### Activity
With pictures excluded, repeat exactly the lines from the one containing "주인공은 코드명 BTCHI로 월배당형 비트코인 ETF가 되겠습니다." through the last line of the material below.

### Data provided
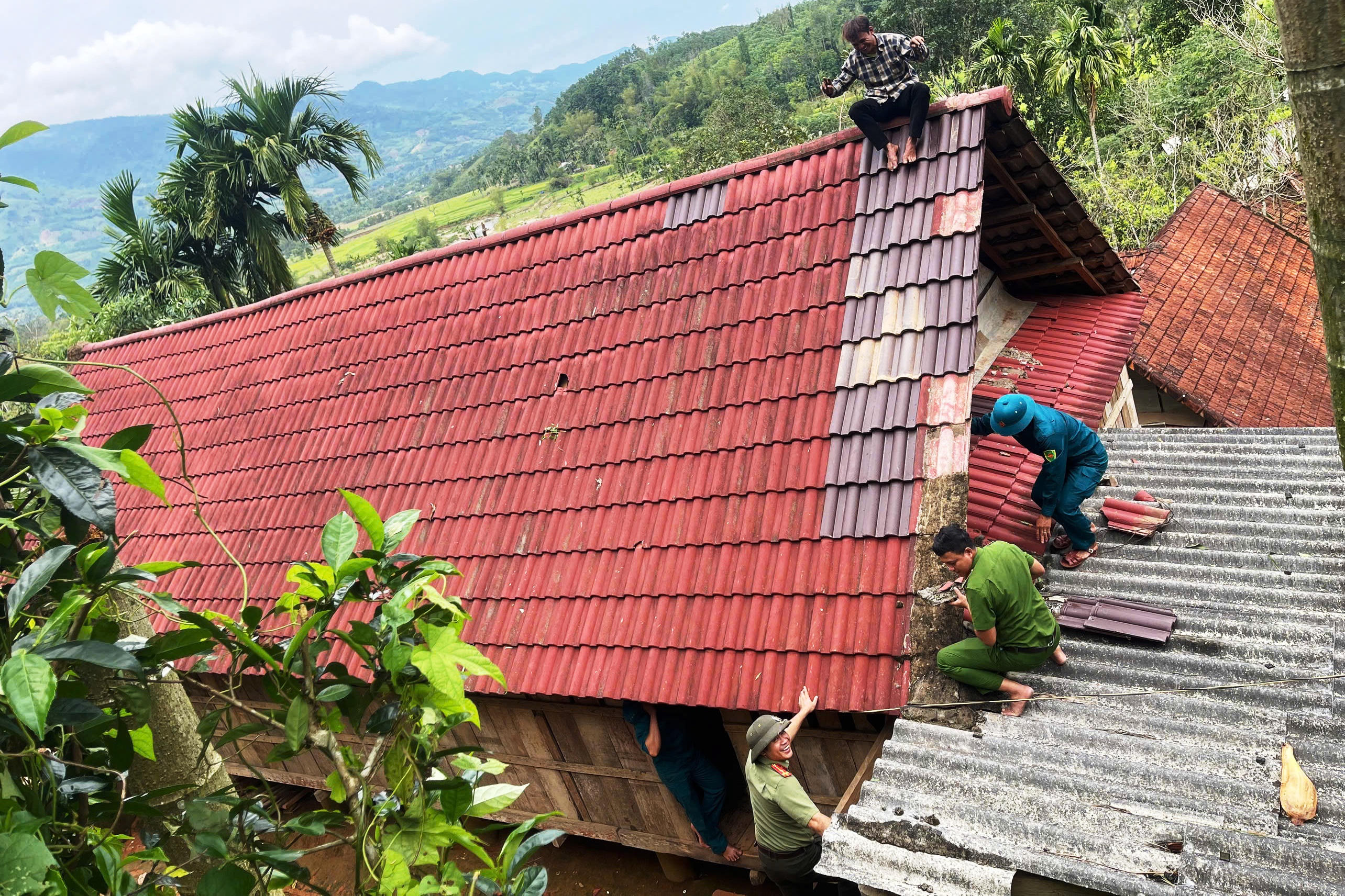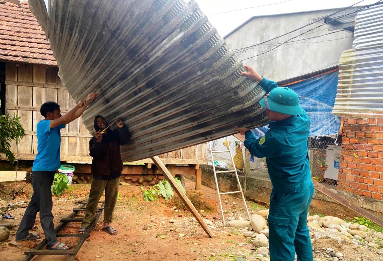 Tại các khu dân cư bị ảnh hưởng, hàng chục cán bộ, chiến sĩ và tình nguyện viên đã giúp người dân lợp lại mái tôn bị tốc, gia cố những phần nhà hư hỏng, thu dọn cây xanh gãy đổ và dọn dẹp khu vực xung quanh nhà ở để bảo đảm an toàn. Không khí khắc phục hậu quả diễn ra khẩn trương với sự chung tay của các lực lượng và người dân địa phương.
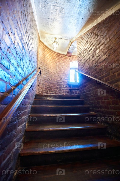 Лестницы внутри укрепленной древней башни или форта. Оборона и военное дело в средние века
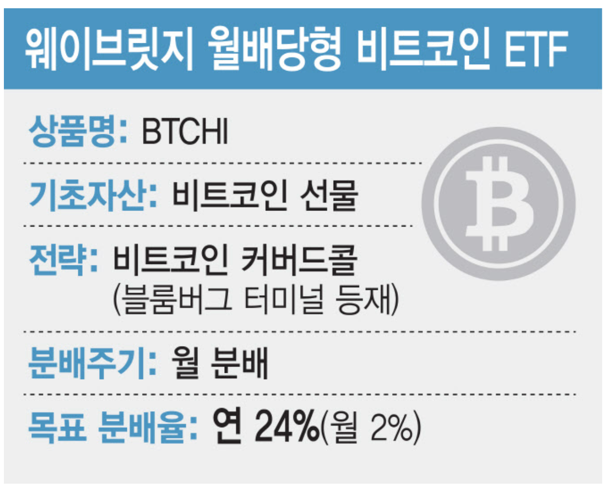주인공은 코드명 BTCHI로 월배당형 비트코인 ETF가 되겠습니다.
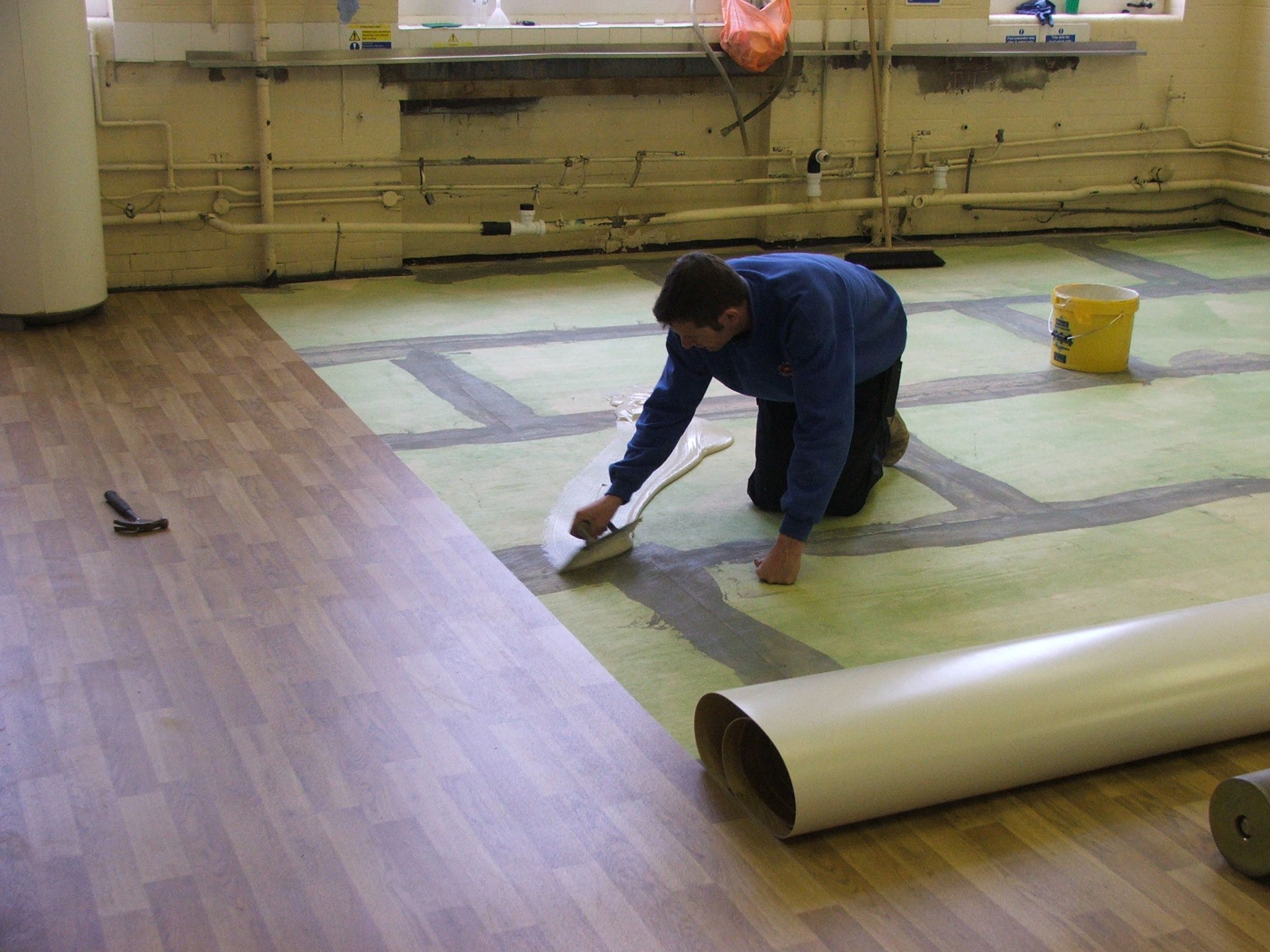 Когда основа подготовлена, можно приступать к настилу линолеума.
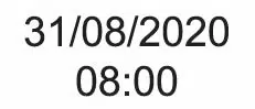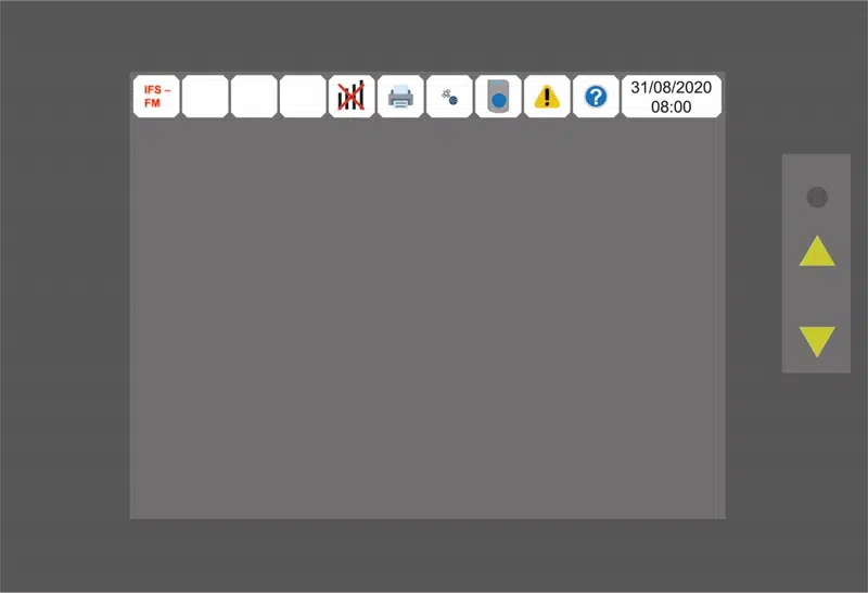 Viser dato og klokkeslæt. Hvis årstallet er forkert, låser skærmen. Kontakt din driftsleder. |
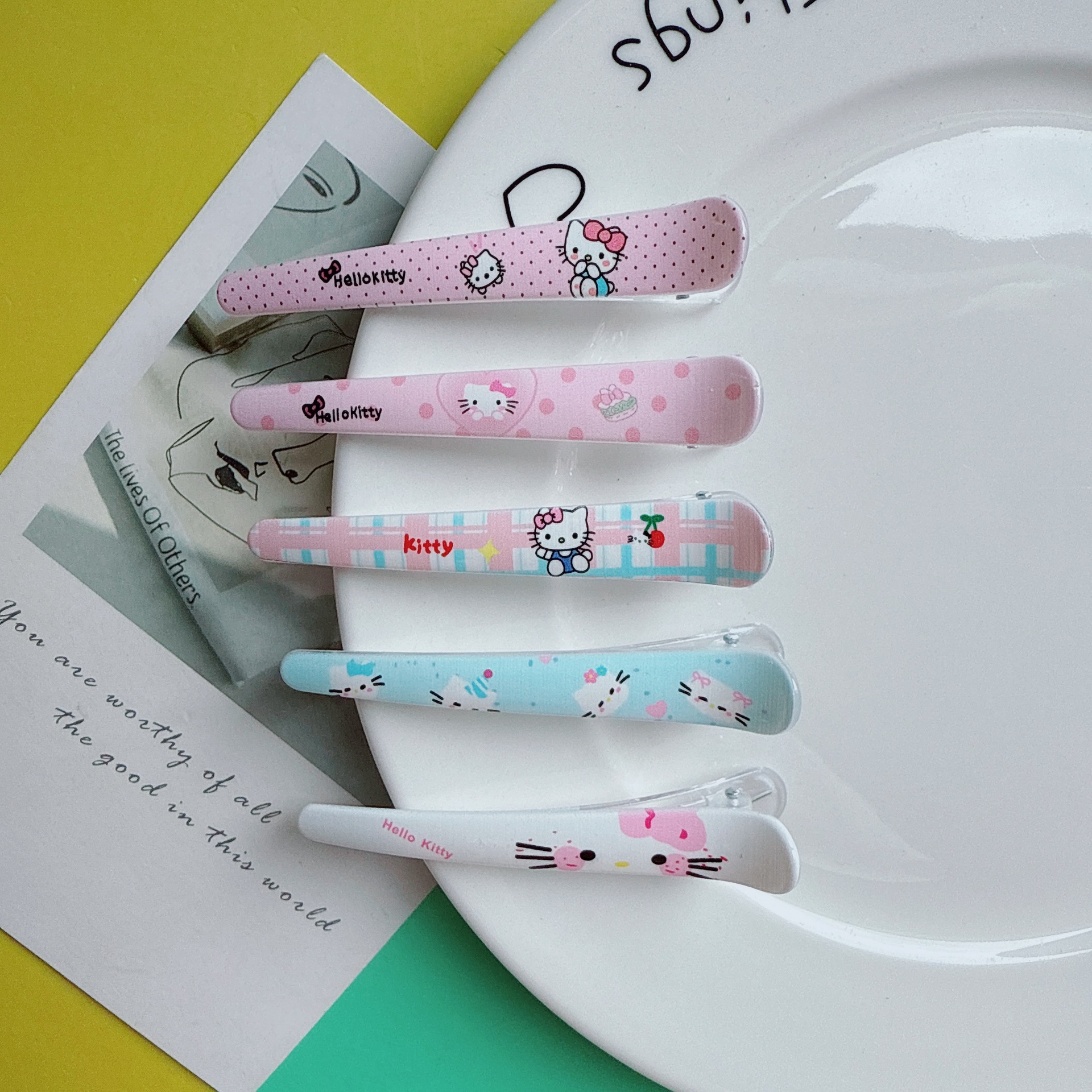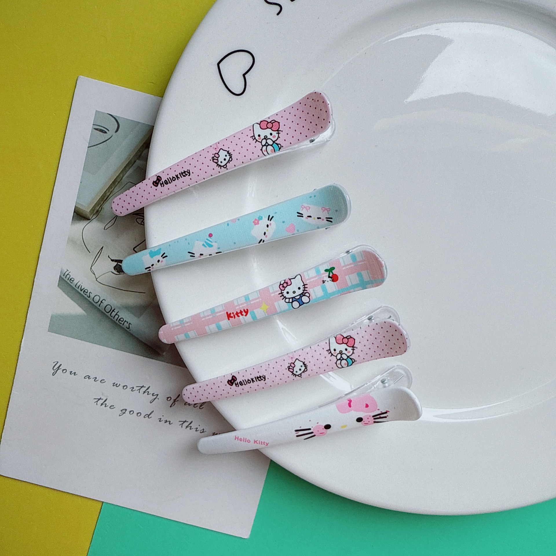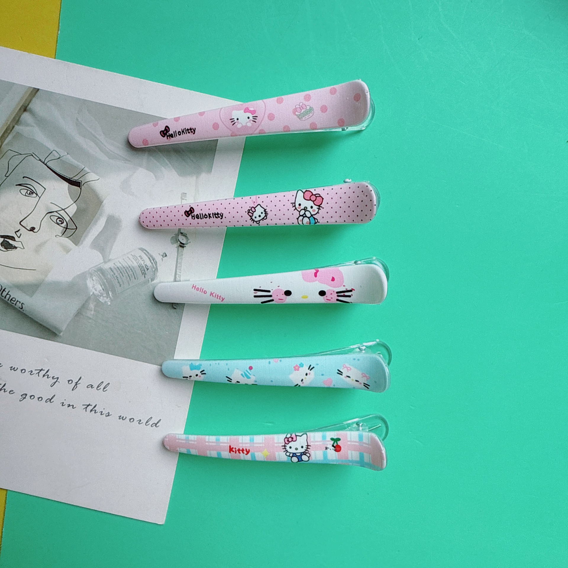 귀여운 도파민 만화 프린트 고양이 덕빌 클립 어린이 다용도 앞머리 사이드 클립 달콤한 소녀 하트 헤어 클립

### Exercise result
주인공은 코드명 BTCHI로 월배당형 비트코인 ETF가 되겠습니다.
 Когда основа подготовлена, можно приступать к настилу линолеума.
 Viser dato og klokkeslæt. Hvis årstallet er forkert, låser skærmen. Kontakt din driftsleder. |
 귀여운 도파민 만화 프린트 고양이 덕빌 클립 어린이 다용도 앞머리 사이드 클립 달콤한 소녀 하트 헤어 클립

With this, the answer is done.